STEVE INSKEEP, host:
Hurricane Katrina destroyed billions of dollars worth of property but a lot of cars apparently survived. That's to the dismay of insurance investigators. They say cars and trucks have been taken out of flood zones and sent to used car lots across the country. It's not illegal to do this if the damage is disclosed. But sometimes it's not, which is why Sergeant Gary Bridges(ph) of the Louisiana State Police says used car buyers should check.
Sergeant GARY BRIDGES (Louisiana State Police): If you push down on the cushion in the car and you're getting water coming up out of the cushion or it's got that smell that you just can't get rid of, for the purchaser, for their protection they need to investigate that a little further.
INSKEEP: More than 200,000 hurricane-damaged cars, trucks and boats are now listed on a publicly accessible database. It's on the Web.
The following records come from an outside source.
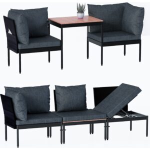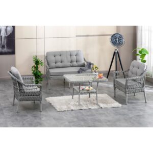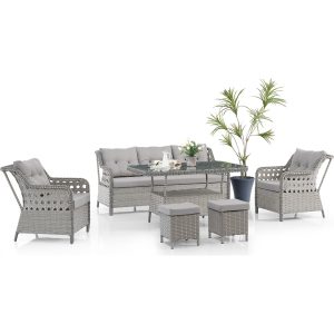 EVDEMO Deniz Rattan Puflu Bahçe Balkon Takımı 3+1+1 Gri
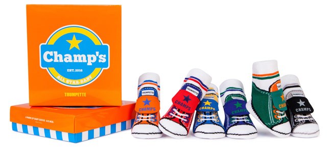 Teensy feet will look cooler than ever in these trompe l’oeil socks designed to emulate classic high tops. | Champ’s Socks – Set of 6
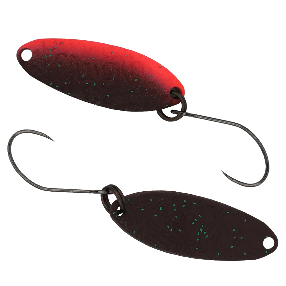 Fuga von GOD HANDS ist ein Spoon, der extra fürs Forellenangeln entwickelt wurde. Das Besondere an diesem Modell sind originelle Gravuren auf beiden Seiten, die bei der Köderführung zusätzliche starke Druckwellen erzeugen und somit passive Fische provozieren. Durch die längliche Form des Spoons werden gute aerodynamische Charakteristiken und daraus folgende bemerkenswerte Wurfweiten erreicht. Den Fuga gibt es bei uns im Shop in 2.2. g – und in vielen exklusiven EM-Farben, die durch ihre UV-Glow-Elemente geprägt sind und dadurch für große Erfolge sorgen.
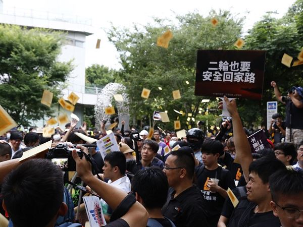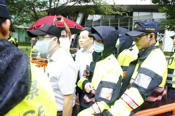 公路總局派出的代表在層層警力的包圍下終於出面與路權團體接觸
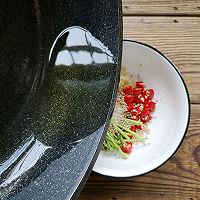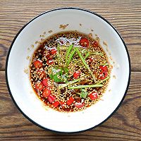 做法分解5:把蒜泥,小米辣圈,香菜梗,白芝麻放入碗中,起锅烧油,带油温9成热后,浇在配料上,激发出香味。

It's run by the National Insurance Crime Bureau which is funded by the insurance industry.
Mr. FRANK SCAFFITI(ph) (Insurance Crime Bureau): A car that's been exposed to water and been inundated, you'll see signs around the body of that vehicle that look very much like age rings in a tree. If you find something like that and you buy the car, I don't know that anybody can help you.
INSKEEP: Frank Scaffiti is with the Insurance Crime Bureau.
Mr. SCAFFITI: It's very easy to be taken by a car that's been completely detailed, has no odor to it, looks perfectly fine and you wi--you drive it away and the next thing you know it starts to fall apart right out from under you.
INSKEEP: One more reason to take a used car to a good mechanic for a thorough examination.
This is MORNING EDITION from NPR News. I'm Steve Inskeep.